Все такой же красный, смущенно улыбаясь, Тимме, шаркая ногами, идет к выходу. Когда дверь за ним закрывается, Говорящая Машина подходит к журналу и что-то пишет.
— Я поставила ему «два»! За то… за то… в общем, за безобразное сочувствие к тем… к тем, кто… — не скрывая своей ненависти, она в упор смотрит на Чернетича, — к тем, кто без всякого права живет в нашей стране, пользуется бесплатным обучением! И это в такие годы! В годы, когда многие сражаются и гибнут, а не сидят, — голос ее срывается на визг, — не сидят,
Не глядя на нее, Чернетич выходит из-за парты, и я замечаю у него в руке что-то белое. Движение — и сложенная в несколько раз газета попадает ко мне в руки. Он выходит из класса.
— Теперь, когда те, кто не хочет учиться, не будут мешать нам, снова пишите…
Следя за каждым ее движением, я раскрываю газету и сразу вижу отчеркнутое чернилами сообщение:
«Зверства оккупантов в Югославии. Лондон. 31 декабря (ТАСС). По сведениям из югославских кругов Лондона оккупационные власти Югославии истребили население целых деревень по подозрению в поддержке партизан. В деревнях Крива Река и Майковац было убито более 1000 мужчин, женщин и детей. Оккупанты сожгли 70 домов, несколько десятков человек было заперто в церкви, которая затем была подожжена. Крестьянин Родован Трифонович и его семья были задушены, крестьяне Янко Цветкович, Маладин Реллк сожжены живьем…»
Когда звенит звонок, Чернетич, не глядя ни на кого, возвращается в класс, подходит ко мне и берет у меня газету. Ребята молча и с каким-то особым вниманием смотрят на его бледное красивое лицо.
— Спасибо, — кивает он и кладет газету в портфель.

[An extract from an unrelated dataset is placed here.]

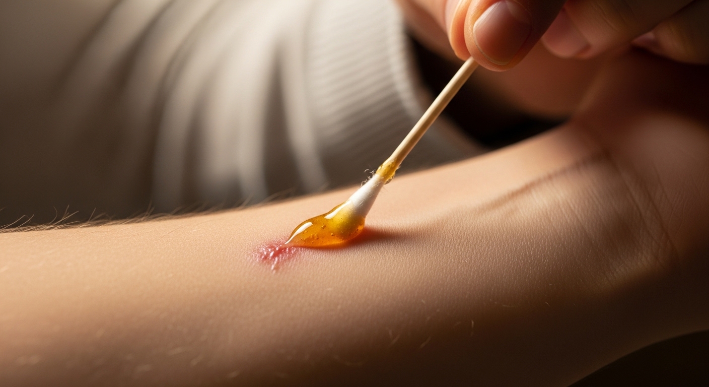 연구 진행 중고대부터 상처 치료제로 사용된 프로폴리스는 가벼운 화상에 일반 약보다 효과가 더 크다는 연구 결과가 있습니다. 원액을 베이거나 긁힌 소상처에 바르면 상처를 코팅해 세균 침입을 차단하고 회복을 돕습니다. 헤르페스(포진) 치료에도 연구 결과가 있습니다. 단, 큰 상처에는 사용하지 마세요.

На перемене Тимме делает мне какие-то таинственные знаки. Я иду с ним на первый этаж, но он увлекает меня еще дальше — под лестницу к фанерному стенду. Приблизив лицо и широко открыв добрые белесые глаза, Тимме шепчет:
— Я — владелец страшной и ужасной тайны! Я не знаю, как мне быть… Мой долг, я знаю, состоит в том, чтобы все рассказать директору… Но он, как мы знаем, излишне горяч… и кроме того, ему не до нас теперь… И я раньше решил сказать тебе… — Звонок прерывает его монолог. — Сейчас литература. Онжерече. Прогуляем? — Я киваю. — Так вот. Помнишь тот вечер, когда мы просили хлеб у моста?
— Конечно.
— Так вот. Много раз твой… извини, наш Славик просил меня пойти в ту дыру, куда спрятались дети, облаченные в крестьянскую одежду. И я дал согласие. Думал удержать его от плохого… Но оно произошло… И при моем участии. Я — сообщник! Стыд мучает меня…
— Тимочка, дорогой, расскажи короче!
— Извини. Эти дети живут в люке. Они прятали свой собранный хлеб там. И Славик взял его и унес. Там было килограмма два сухих корочек. Они были запрятаны в сундук, на крышке которого изнутри так трогательно наклеен портрет товарища Сталина! И я…
— Все! Хватит! Пошли!
— Он предложил мне сухарь, но мое горло все равно не смогло бы проглотить этот, так низко украденный, хлеб! И я отказался и сказал: «Отнеси обратно, или я все расскажу в школе!» Но он засмеялся: «Тебе все равно никто не поверит! Во-первых, ты — немец! Во-вторых — соучастник!
И не забывай, что ты и твоя семья просто чудом не высланы из Москвы». И я… и я вспомнил о маме… и о бабушке…
«Вот тебе и немец! — думаю я. — Немец… немец… Что со мной?» Все спуталось, закружилось в моей голове. Страшная волна ненависти растет во мне. И я знаю, что надо делать, делать быстро!